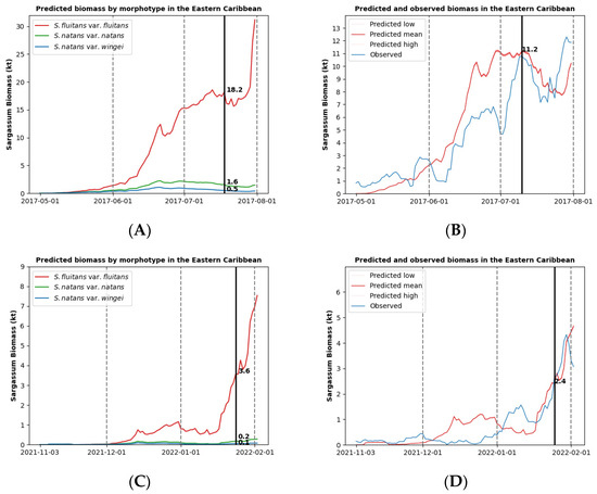 Comparison of biomass predictions for three morphotypes (left) and single-morphotype prediction and observation (right) for the period 1 May–1 August 2017 (A,B) and 3 November 2021–3 February 2022 (C,D). The black line indicates predictions for (A), 10 July 2017, 20.3 kt (S. fluitans var. fluitans—18.2 kt, S. natans var. natans—1.6 kt, and S. natans var. wingei—0.5 kt), compared to (B) 11.2 kt and (C) 25 January 2022, 3.9 kt (S. fluitans var. fluitans—3.6 kt, S. natans var. natans—0.2 kt, and S. natans var. wingei—0.1 kt) compared to (D) 2.4 kt.
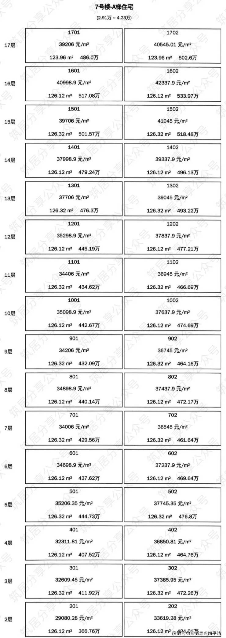 A梯2.91-4.23万/㎡,均价3.67万/㎡,总价362-521万;
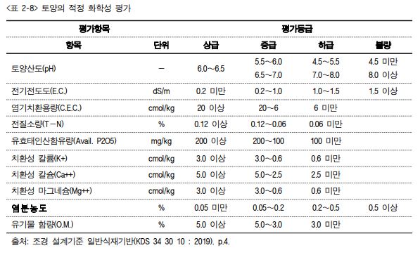 토양 산도(pH), 토양 양료, 양이온 치환용량(CEC)과 전기 전도도(EC) 등 3. 생물적 인자 토중 동물, 미생물, 균근 등
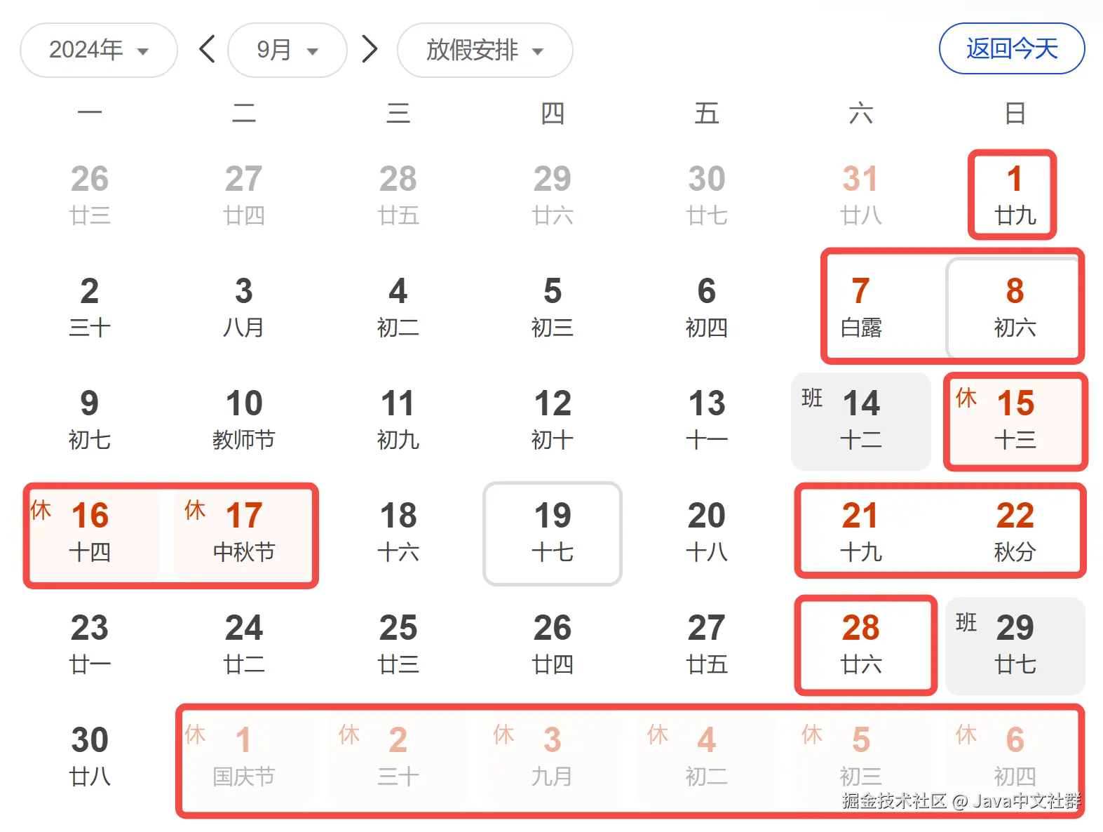 - 9~10 月份假期太多:9 月份假期就占了总时间的 1/3,这还不算国庆的 7 天假,假期绝大部分公司是不会进行招聘,如下图所示:
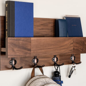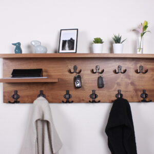 Handcrafted Natural Hardwood Coat Rack & Floating Shelf – Modern Rustic Key & Letter Holder – Model #6
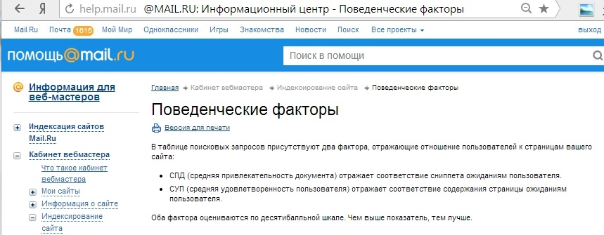 Поисковая система Mail.ru не скрывает то, что поведенческие факторы напрямую влияют на ранжирование сайта в выдаче. у Mail.ru имеется свой кабинет вебмастера в котором доступна следующая информация..
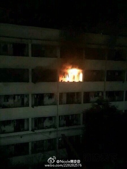 網友消息:昨天晚上9點半左右,南寧廣西民族大學本部一宿舍五樓起火。
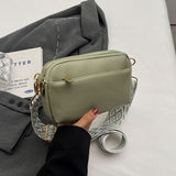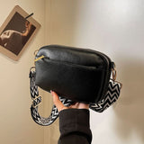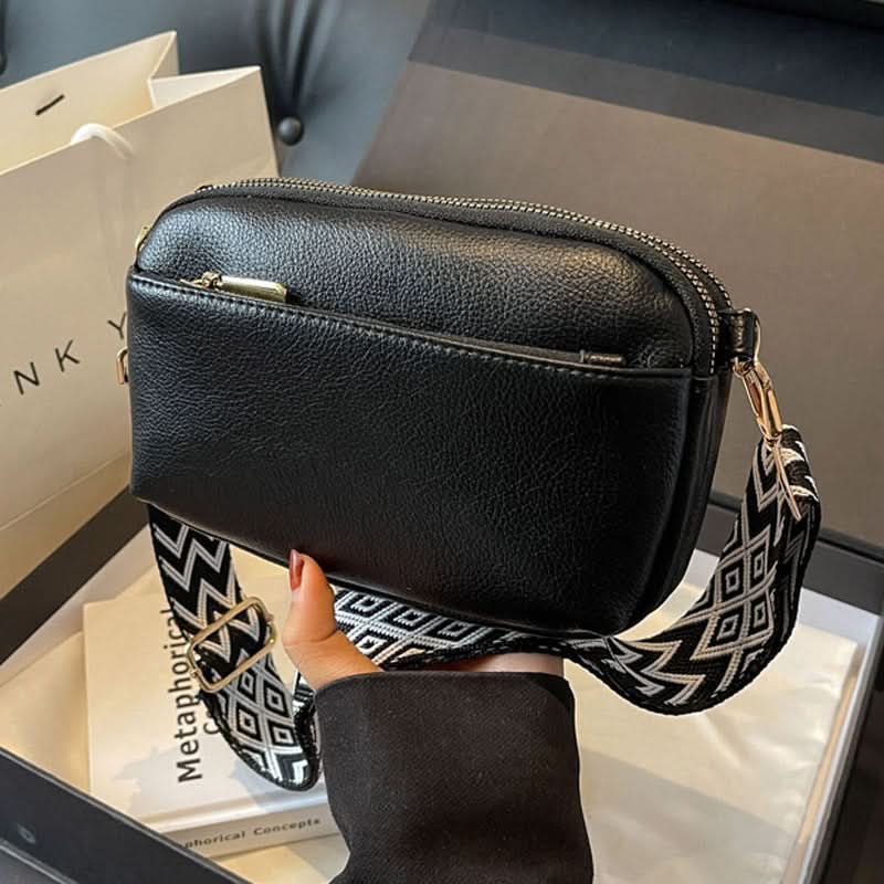 The dual-zippered main compartment offers ample space for essentials like your phone, wallet, and keys, while the front slip pocket provides quick access to smaller items. The wide, adjustable shoulder strap with a stylish geometric pattern ensures comfort and versatility, allowing you to wear it as a shoulder bag or crossbody.
○ ○ ○ ○ ○ ○ ○
▸ **Aim of the task**:
Set down, exactly as written, each line from the one that contains "A梯2.91-4.23万/㎡,均价3.67万/㎡,总价362-521万;" to the last line of the records, but none of the pictures.

▸ **Task answer**:
 A梯2.91-4.23万/㎡,均价3.67万/㎡,总价362-521万;
 토양 산도(pH), 토양 양료, 양이온 치환용량(CEC)과 전기 전도도(EC) 등 3. 생물적 인자 토중 동물, 미생물, 균근 등
 - 9~10 月份假期太多:9 月份假期就占了总时间的 1/3,这还不算国庆的 7 天假,假期绝大部分公司是不会进行招聘,如下图所示:
 Handcrafted Natural Hardwood Coat Rack & Floating Shelf – Modern Rustic Key & Letter Holder – Model #6
 Поисковая система Mail.ru не скрывает то, что поведенческие факторы напрямую влияют на ранжирование сайта в выдаче. у Mail.ru имеется свой кабинет вебмастера в котором доступна следующая информация..
 網友消息:昨天晚上9點半左右,南寧廣西民族大學本部一宿舍五樓起火。
 The dual-zippered main compartment offers ample space for essentials like your phone, wallet, and keys, while the front slip pocket provides quick access to smaller items. The wide, adjustable shoulder strap with a stylish geometric pattern ensures comfort and versatility, allowing you to wear it as a shoulder bag or crossbody.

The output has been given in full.